At the top, she stood on the banister, leaned over the empty space above the descending stairs, and unlatched the dormer window that looked north, towards the Scott Monument and the Firth of Forth. The weighted window slid two feet and jammed, but it was enough. She jumped and got her head and arms through, then found finger holds on the underside of the sill. She pulled herself out and stood on the angled slate roof. She ran east, parallel to the Royal Mile but five floors up, running just past the roof’s ridgeline. She vaulted over a cluster of Tudor-style clay pot chimneys, ran down the mossy slate slope and leapt over the five foot gap where Milnes Court cut between the old buildings. She landed a foot away from the edge of the moss-slick edge, but her boots had good traction and she never even paused. She ran up the steep incline of the new roof, over the crest and down towards the dark crevasse where James’ Court close made its passage between this building and the next. This was an easier jump; the next roof was newer and had a rougher texture to its slate so she could run without fear of sliding over the edge and off a hundred foot drop to paving stones.
She stopped at the skylight she had marked with a blue chalk X two nights before and knelt down, breathing hard. No more than a minute had passed from the time she last spoke to Chris and Aaron. Now
she keyed her mike and spoke to them again, her voice breathless as she gasped for air.
“I’m at the skylight.”
“We’re almost to the landing,” Chris said.
“I’ll be there.”
Julissa took off her backpack, reached inside it, and took out a diamond-bitted glass cutter and a plastic suction grip bar. She spat on the suction cups, stuck them to the middle of the skylight, then used the wheel of the diamond cutter to etch along the lead soldered edge of one of the skylight panes. When she had gone all the way around, she braced her knees on the roof and pulled hard on the suction handle. The sound of the pane breaking loose reminded her of stepping on a frozen puddle. She lifted the pane free and set it gently on the uphill side of the skylight so it would not slide away. Then she pulled the release trigger on her suction grip, put it back into the backpack, and pulled on a pair of heavy-duty leather gloves. She looked at her watch. It was 1:06 p.m. Exactly two minutes had passed from the time Chris and Aaron had stepped out of James Court in pursuit of Stark.
She shouldered her pack, grabbed on to the frame of the skylight, and lowered herself until she was dangling by her arms. She could feel the sharp remnants of the glass against the leather palms of her gloves. The floor was six feet beneath her. She let go and dropped, landing on her feet and falling to a crouch so she hit the wooden floor with almost no sound at all.

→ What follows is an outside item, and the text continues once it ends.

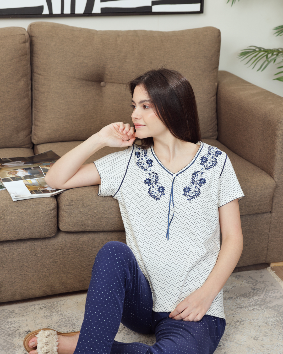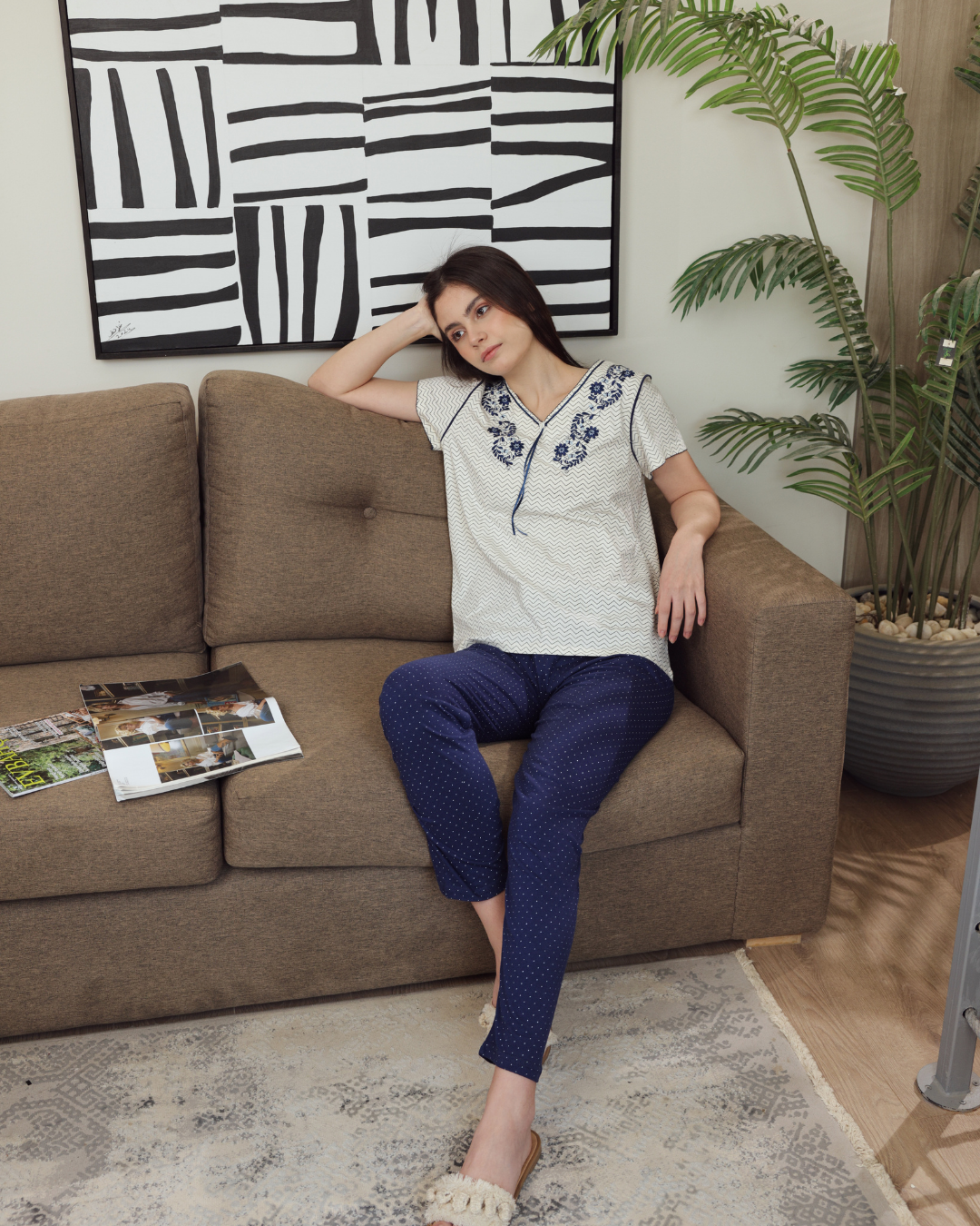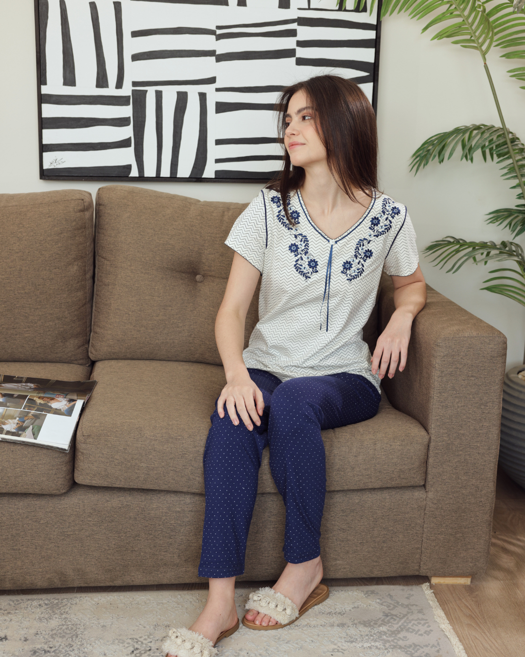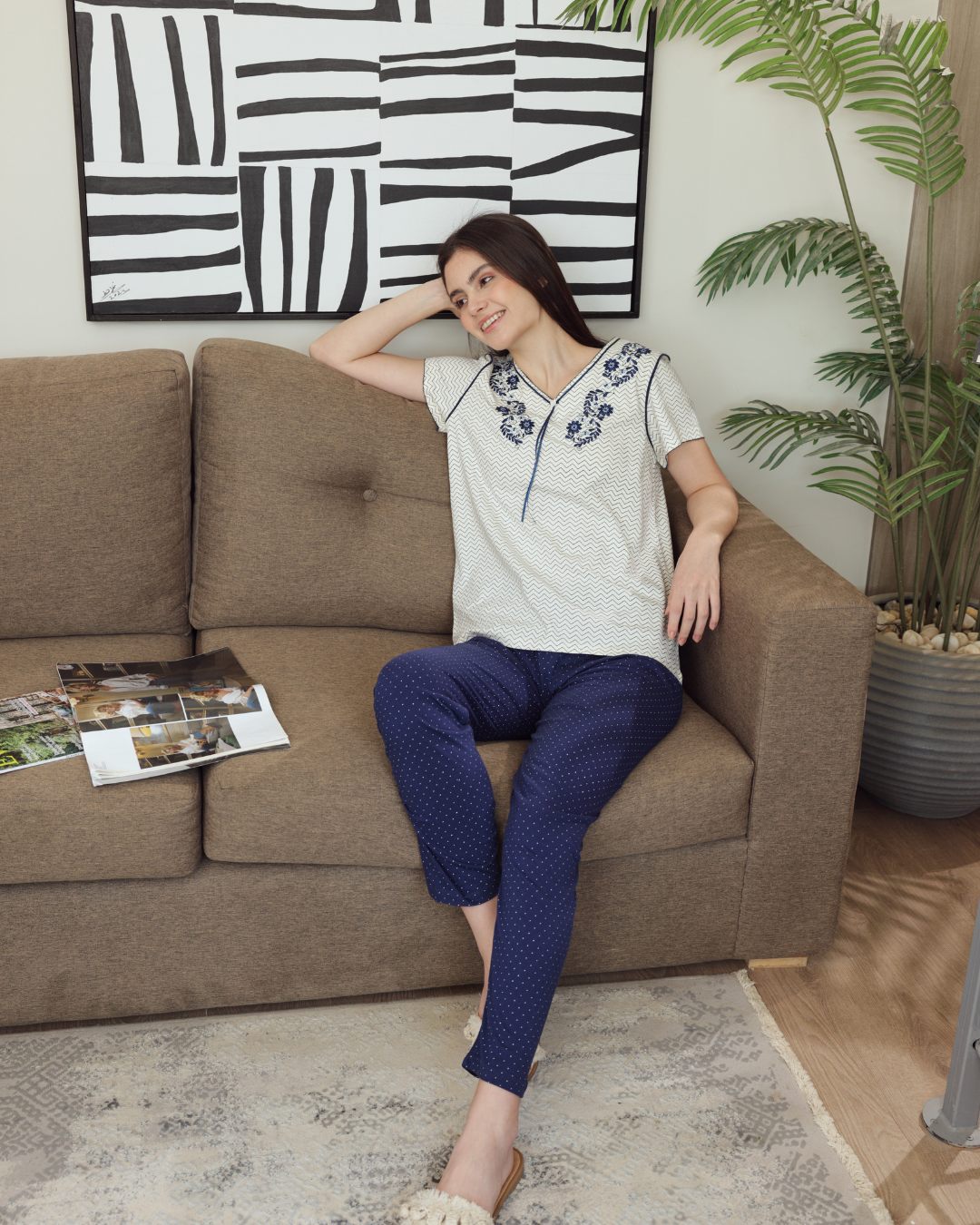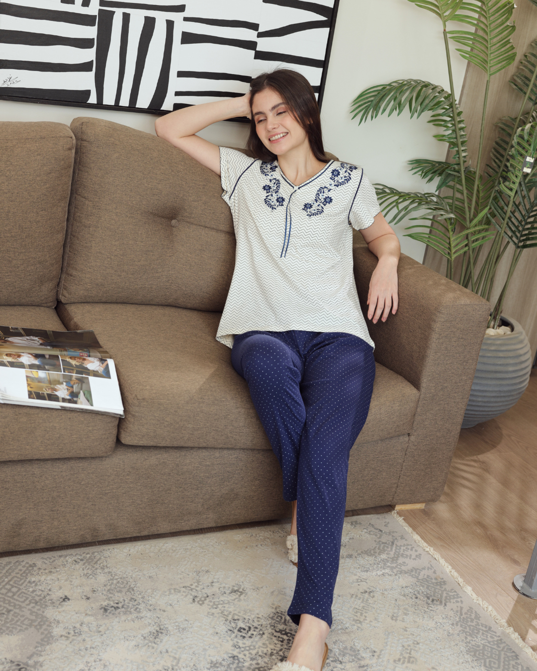 بيجاما حريمي نصف كم بنطلون طويل طباعة زجزاج مع منقط

They’d discovered the top floor of this building was being remodeled. Stacks of clean sheetrock took up one corner. The walls were bare studs with exposed electrical conduits. There was a table saw and a water-cooled tile saw. Julissa stood, turned around quickly to be sure the work crew was truly gone, then walked to the door. There were three sets of deadbolt locks, all of which could be opened from the inside without a key. She flicked them back one by one, then pulled the door open.
Westfield and Chris were coming up the last flight of stairs, supporting Stark in between them.